### [EXERCISE GOAL]
Begin the copy at the line containing "NJ Transit F40PH-2CAT" in the data below and end it at the line containing "Bolsas de papel", keeping each line exact and leaving out pictures.

### [MATERIAL TO PROCESS]
>>>>>

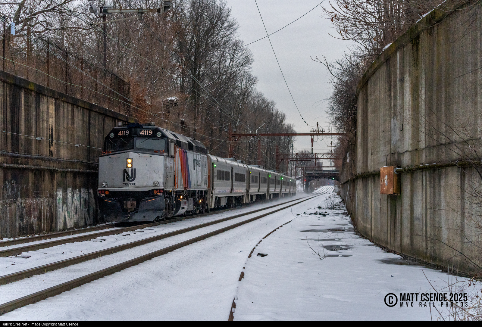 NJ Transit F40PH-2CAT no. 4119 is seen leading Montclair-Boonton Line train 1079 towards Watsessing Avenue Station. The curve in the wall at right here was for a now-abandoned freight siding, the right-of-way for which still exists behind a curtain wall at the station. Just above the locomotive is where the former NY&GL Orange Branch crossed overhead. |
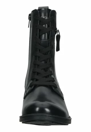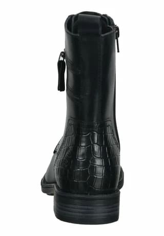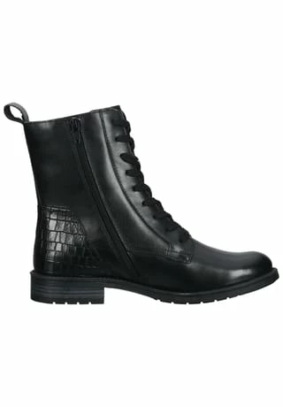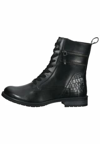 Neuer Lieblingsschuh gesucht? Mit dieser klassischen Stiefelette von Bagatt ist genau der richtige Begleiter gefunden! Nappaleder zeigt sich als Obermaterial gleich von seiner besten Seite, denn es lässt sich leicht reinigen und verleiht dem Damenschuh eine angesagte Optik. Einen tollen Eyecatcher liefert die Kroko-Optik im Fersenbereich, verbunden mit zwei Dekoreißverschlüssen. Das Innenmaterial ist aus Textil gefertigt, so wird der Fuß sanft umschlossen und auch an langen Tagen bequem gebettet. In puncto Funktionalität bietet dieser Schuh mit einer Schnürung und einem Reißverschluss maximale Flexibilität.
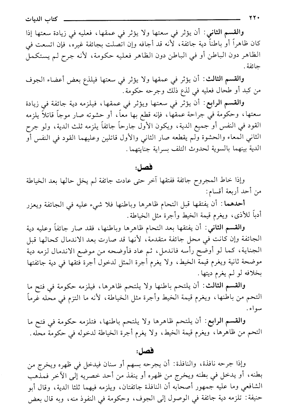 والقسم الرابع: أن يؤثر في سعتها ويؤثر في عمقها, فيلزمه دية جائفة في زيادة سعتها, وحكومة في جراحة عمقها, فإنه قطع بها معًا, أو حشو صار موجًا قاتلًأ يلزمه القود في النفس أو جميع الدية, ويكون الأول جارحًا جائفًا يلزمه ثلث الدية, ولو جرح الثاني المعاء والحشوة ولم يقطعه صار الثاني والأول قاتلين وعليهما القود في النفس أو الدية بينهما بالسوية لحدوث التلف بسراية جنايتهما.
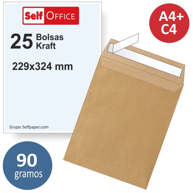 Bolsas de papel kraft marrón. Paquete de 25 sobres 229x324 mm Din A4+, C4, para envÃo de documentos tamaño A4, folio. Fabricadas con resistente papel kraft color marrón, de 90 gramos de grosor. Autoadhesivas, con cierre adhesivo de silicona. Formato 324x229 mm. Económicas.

<<<<<
>>>>>

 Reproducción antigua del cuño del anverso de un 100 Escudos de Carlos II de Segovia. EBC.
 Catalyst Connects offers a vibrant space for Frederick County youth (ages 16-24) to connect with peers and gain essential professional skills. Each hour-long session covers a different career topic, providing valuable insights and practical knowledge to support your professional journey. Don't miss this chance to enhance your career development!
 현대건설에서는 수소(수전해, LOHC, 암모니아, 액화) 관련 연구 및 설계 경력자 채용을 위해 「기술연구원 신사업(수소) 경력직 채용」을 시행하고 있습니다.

<<<<<

### [RESULT FOR THIS EXERCISE]
 NJ Transit F40PH-2CAT no. 4119 is seen leading Montclair-Boonton Line train 1079 towards Watsessing Avenue Station. The curve in the wall at right here was for a now-abandoned freight siding, the right-of-way for which still exists behind a curtain wall at the station. Just above the locomotive is where the former NY&GL Orange Branch crossed overhead. |
 Neuer Lieblingsschuh gesucht? Mit dieser klassischen Stiefelette von Bagatt ist genau der richtige Begleiter gefunden! Nappaleder zeigt sich als Obermaterial gleich von seiner besten Seite, denn es lässt sich leicht reinigen und verleiht dem Damenschuh eine angesagte Optik. Einen tollen Eyecatcher liefert die Kroko-Optik im Fersenbereich, verbunden mit zwei Dekoreißverschlüssen. Das Innenmaterial ist aus Textil gefertigt, so wird der Fuß sanft umschlossen und auch an langen Tagen bequem gebettet. In puncto Funktionalität bietet dieser Schuh mit einer Schnürung und einem Reißverschluss maximale Flexibilität.
 والقسم الرابع: أن يؤثر في سعتها ويؤثر في عمقها, فيلزمه دية جائفة في زيادة سعتها, وحكومة في جراحة عمقها, فإنه قطع بها معًا, أو حشو صار موجًا قاتلًأ يلزمه القود في النفس أو جميع الدية, ويكون الأول جارحًا جائفًا يلزمه ثلث الدية, ولو جرح الثاني المعاء والحشوة ولم يقطعه صار الثاني والأول قاتلين وعليهما القود في النفس أو الدية بينهما بالسوية لحدوث التلف بسراية جنايتهما.
 Bolsas de papel kraft marrón. Paquete de 25 sobres 229x324 mm Din A4+, C4, para envÃo de documentos tamaño A4, folio. Fabricadas con resistente papel kraft color marrón, de 90 gramos de grosor. Autoadhesivas, con cierre adhesivo de silicona. Formato 324x229 mm. Económicas.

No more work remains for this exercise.